Well, thank you for the question. If I understood correctly, the first question is that we did implement monitoring of the sites in the study in the previous studies. And the straight answer is no. And there was COVID, was a little bit more complicated to do it than now. And no, we didn't do it. But that's only one of the changes operational that we made in the new protocol. And so that was one, but the required for medical record is probably the biggest one. And so I mean the whole goal, as we discussed a few times or many times, is to really enroll patients that are affected by biological depression, and they have a history. This is an adjunctive trial, so the patient has to come in already on some antidepressant and to have access to medical and pharmacy records. It's a good proxy to be sure that the patient is a real patient. These are things that we didn't do in the previous trial for a variety of reasons. And sorry, can you repeat the second one?

And yes, I was asking if the statistical plan is designed by a third party or internally within your company?
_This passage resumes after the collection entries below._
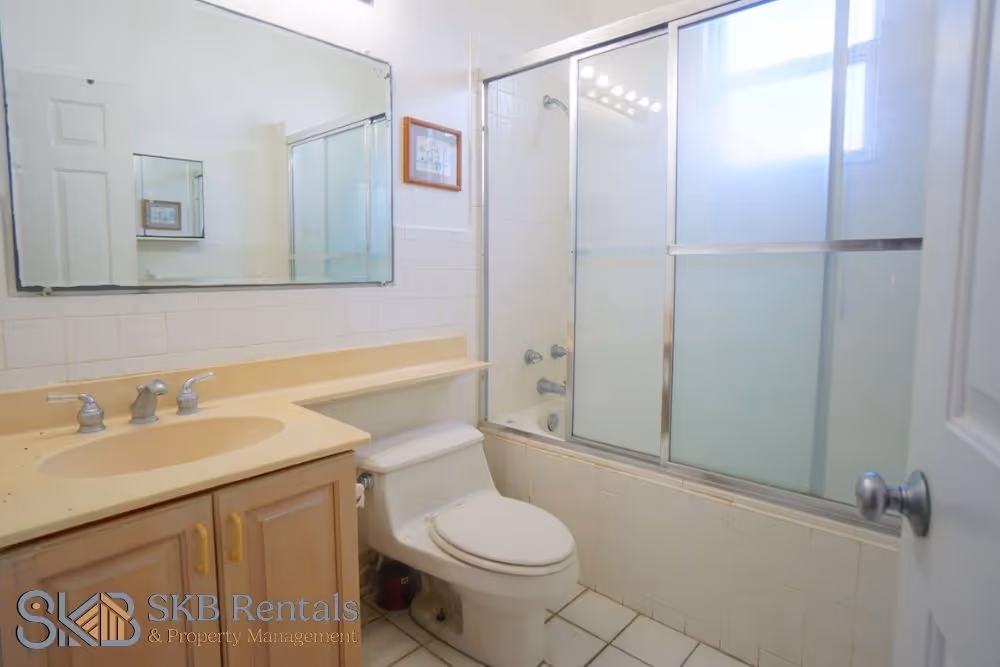 This upper level unit opens from the entrance way and leads to the open plan kitchen and living room. A fully furnished the kitchen offers spacious countertops and the usual appliances and is well equipped. The living room is large and leads to the covered veranda via sliding glass doors and offers views of the pool. The guest bedroom is located behind the kitchen area and has a 3 piece private bathroom set.
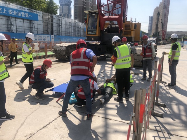 本次應(yīng)急演練活動(dòng)模擬施工現(xiàn)場(chǎng)履帶式起重機(jī)在作業(yè)過程中由于鋼絲繩斷裂,吊物從高處掉落倒下,不幸將地面一名作業(yè)人員腳部砸傷的事故?,F(xiàn)場(chǎng)專職安全員發(fā)現(xiàn)后第一時(shí)間向應(yīng)急救援指揮部匯報(bào),應(yīng)急救援指揮部立即啟動(dòng)應(yīng)急預(yù)案,各應(yīng)急救援小組接到救援命令后,迅速跑向事故地點(diǎn),對(duì)受傷人員開展救援工作,同時(shí)拉起警戒線,保護(hù)現(xiàn)場(chǎng)。救援人員按預(yù)案分工,有條不紊地實(shí)施清障、包扎、傷員擔(dān)架固定、運(yùn)送上救護(hù)車等一系列動(dòng)作。本次演練活動(dòng),增強(qiáng)了員工的安全操作意識(shí),提高了快速反應(yīng)能力、應(yīng)急救援能力以及協(xié)同作戰(zhàn)能力。
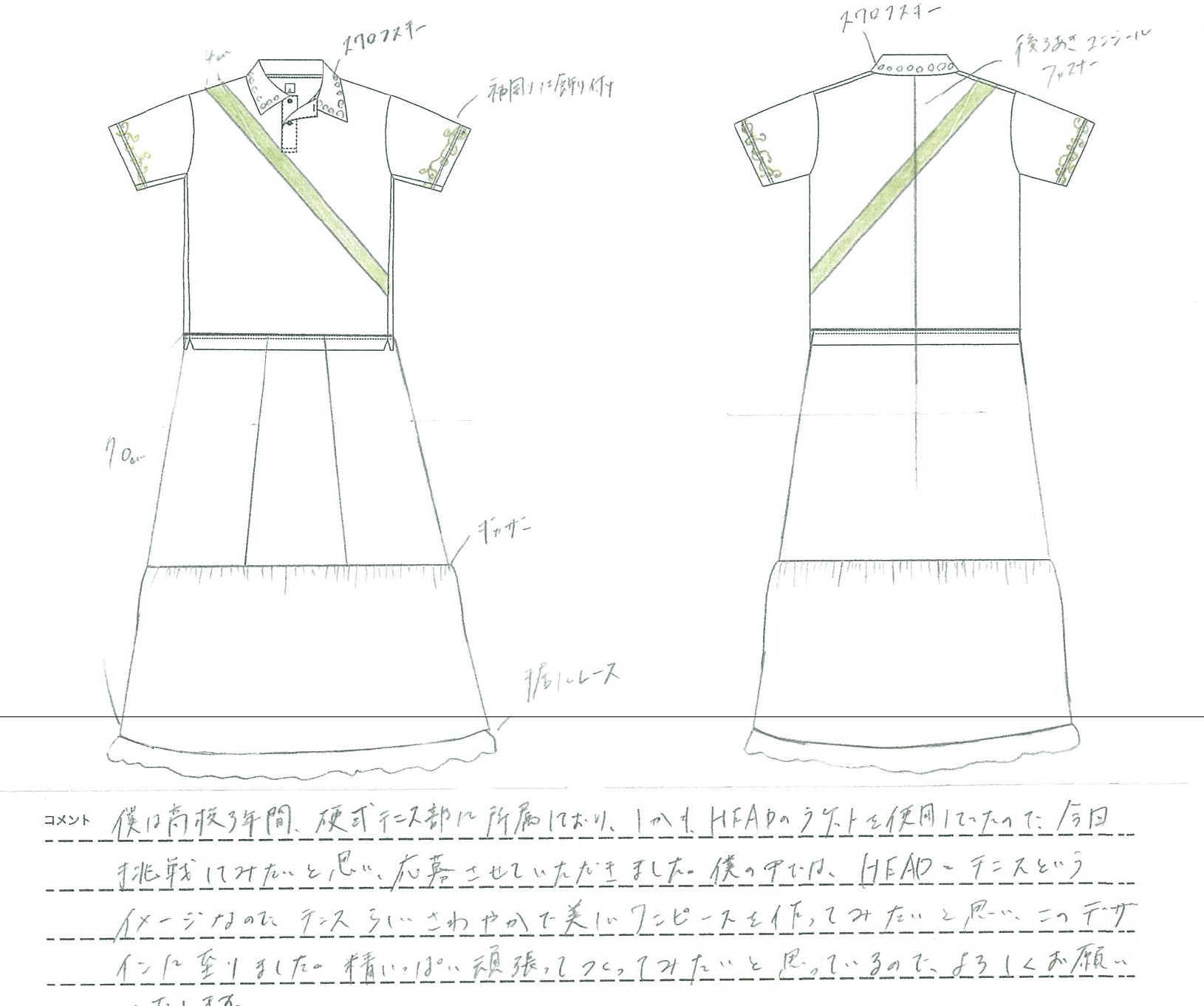 「僕は高校3年間、硬式テニス部に所属していて、しかもHEADのウエアを着用していたので、何か縁を感じて、このコンテストに挑戦しました。僕の中ではHEAD=テニスというイメージなので、爽やかで美しいワンピースを作ってみたいと思い、このデザインに落とし込みました」
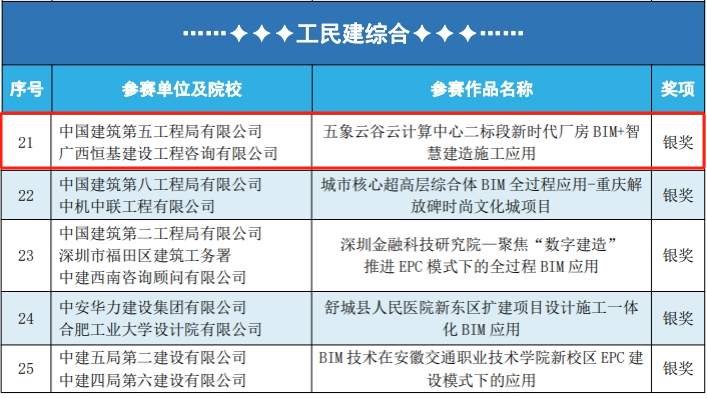 近日,由工業(yè)和信息化部人才交流中心主辦的2023第六屆“優(yōu)路杯”全國BIM技術大賽公布獲獎名單,恒基咨詢報送的作品《五象云谷云計算中心二標段新時代廠房BIM+智慧建造施工應用》榮獲大賽銀獎。
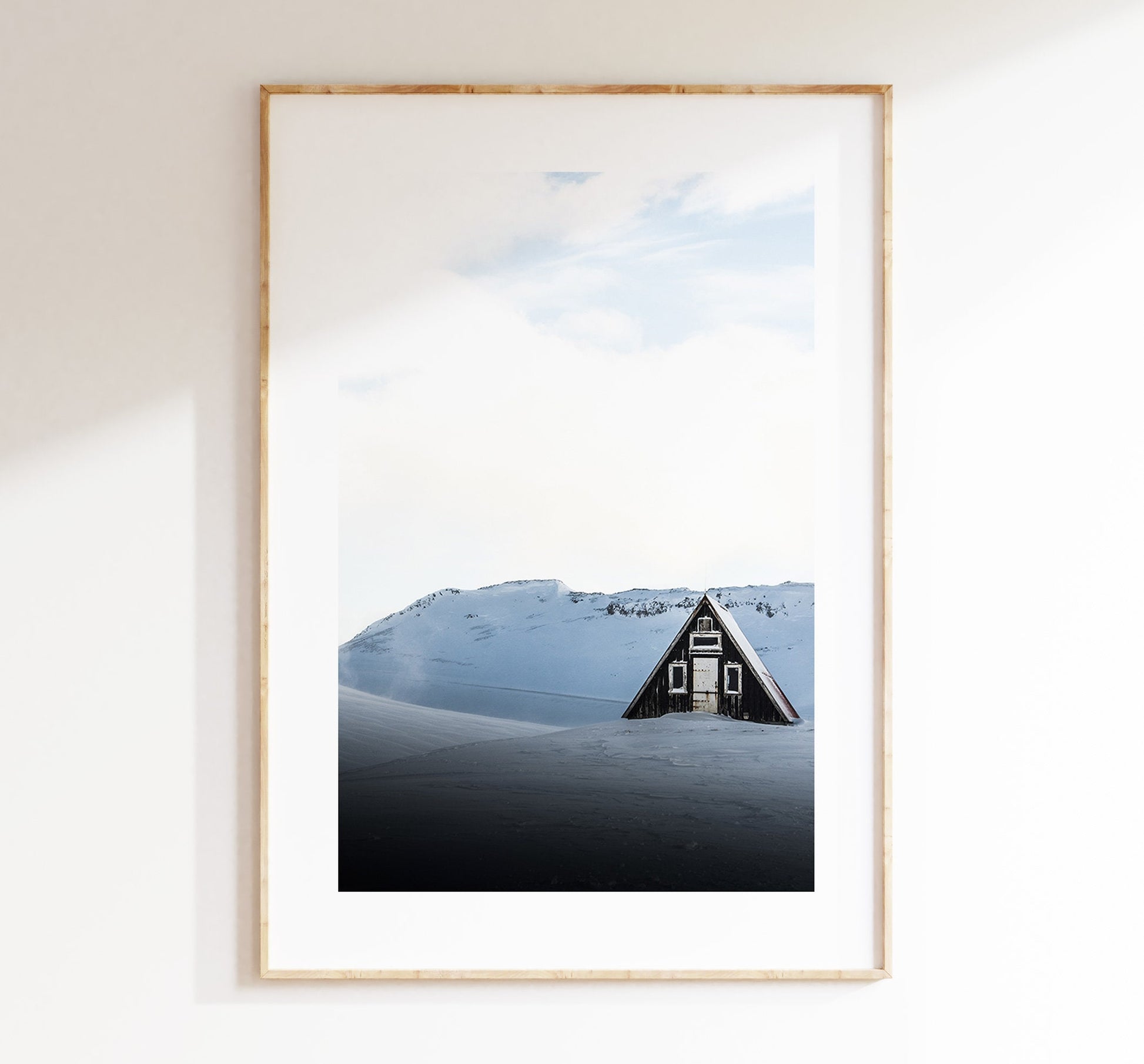 Scandinavian Print - Iceland Photography Print - Iceland Wall Art - Iceland Poster - House in the Snow - Snaefellsnes - Northern Iceland
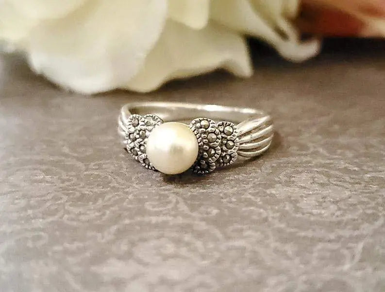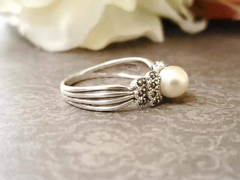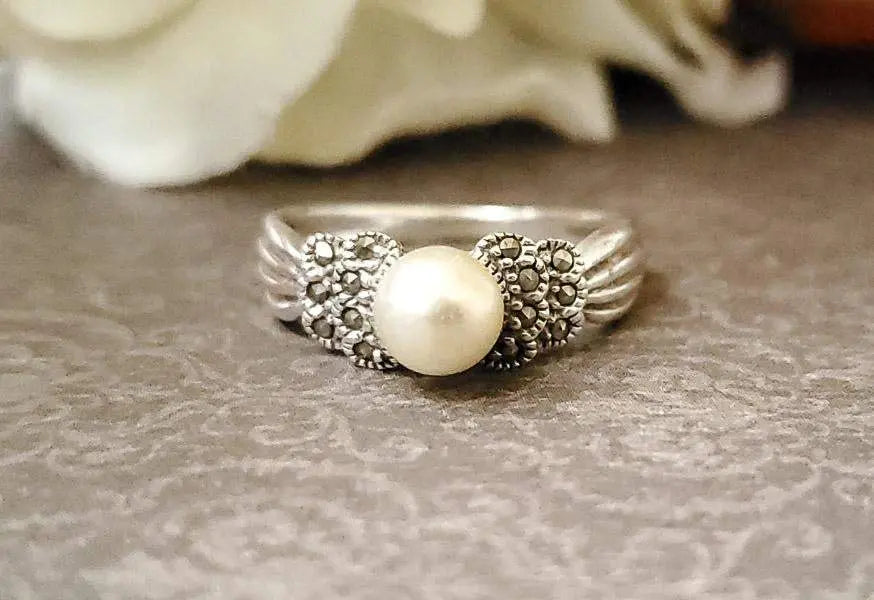 Sterling Silver White Pearl and Marcasite Ring Size 7

Yes. No, it is -- well, it is -- design is a collaboration and so -- but it is -- we have the help of it like a large statistical company independent that advise us on the statistics.

There are no further questions at this time. Mr. Traversa, please go ahead.

Well, thank you. And in summary, we remain confident that we do have an approvable drug in REL-1017 and are excited by the potential of our novel psilocybin and derivative programs. So we look forward to reporting on progress with our pipeline in the months ahead. And to close, I'm grateful to the Relmada team for their continued hard work and dedication to executing on our mission. And I would also like to extend my sincere thanks to the patients and clinical partners involved in the REL-1017 trials for their participation in the advancement of this promising investigational medicine through development. Thank you very much to everyone.

Thank you. That concludes our conference today. Thank you for participating. You may all disconnect.